I had a observation with cudnnGetConvolutionForwardAlgorithm and suggest a change to it.
cudnnStatus_t cudnnGetConvolutionForwardAlgorithm(
cudnnHandle_t handle, //input
const cudnnTensorDescriptor_t xDesc, //input
const cudnnFilterDescriptor_t wDesc, //input
const cudnnConvolutionDescriptor_t convDesc, //input
const cudnnTensorDescriptor_t yDesc, //input
cudnnConvolutionFwdPreference_t preference, //input (why do we need this?)
size_t memoryLimitInBytes, //input
cudnnConvolutionFwdAlgo_t *algo) //output
I propose a different something more like this.
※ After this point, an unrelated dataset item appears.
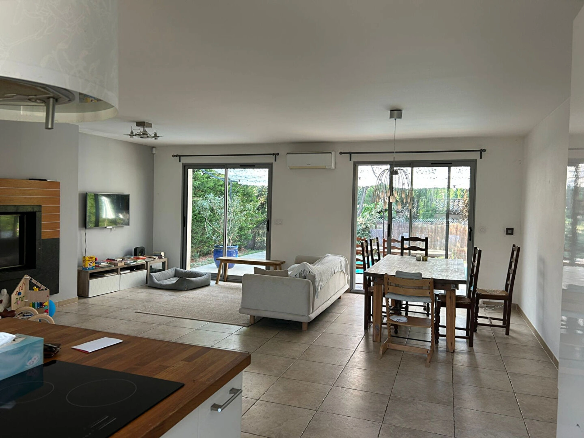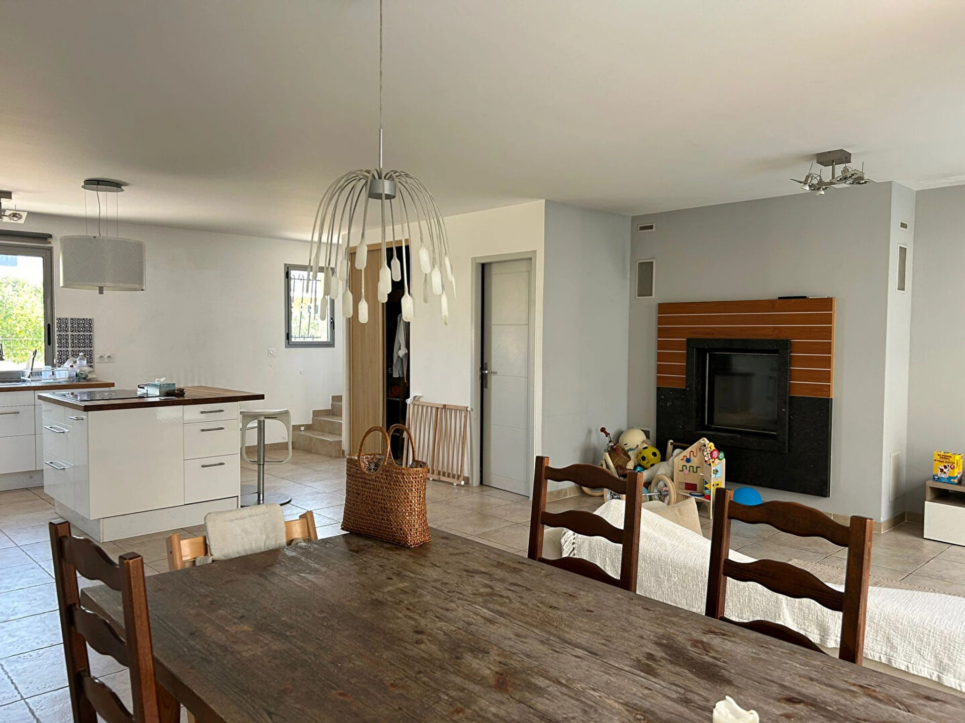 Dès l'entrée, vous trouverez le salon ouvert sur la terrasse et la piscine, parfait pour profiter des beaux jours . La cuisine moderne, ouverte sur l'espace de vie, offre un cadre chaleureux et pratique.

cudnnStatus_t cudnnGetConvolutionForwardAlgorithm(
cudnnHandle_t handle, //input
const cudnnTensorDescriptor_t xDesc, //input
const cudnnFilterDescriptor_t wDesc, //input
const cudnnConvolutionDescriptor_t convDesc, //input
const cudnnTensorDescriptor_t yDesc, //input
size_t *memoryinbytes, //input/output
cudnnConvolutionFwdAlgo_t *algo) //output
It is pretty much the same as before, but if you initialize memoryinbytes with some value like zero. Then it will know that you prefer no workspace. If it is higher than zero then it will find the best one considering the amount you initialized it. Then it could return change the value to how much is needed. If you want it to be the fastest with no memory constraints just make it NULL, and it will return the amount of mem needed.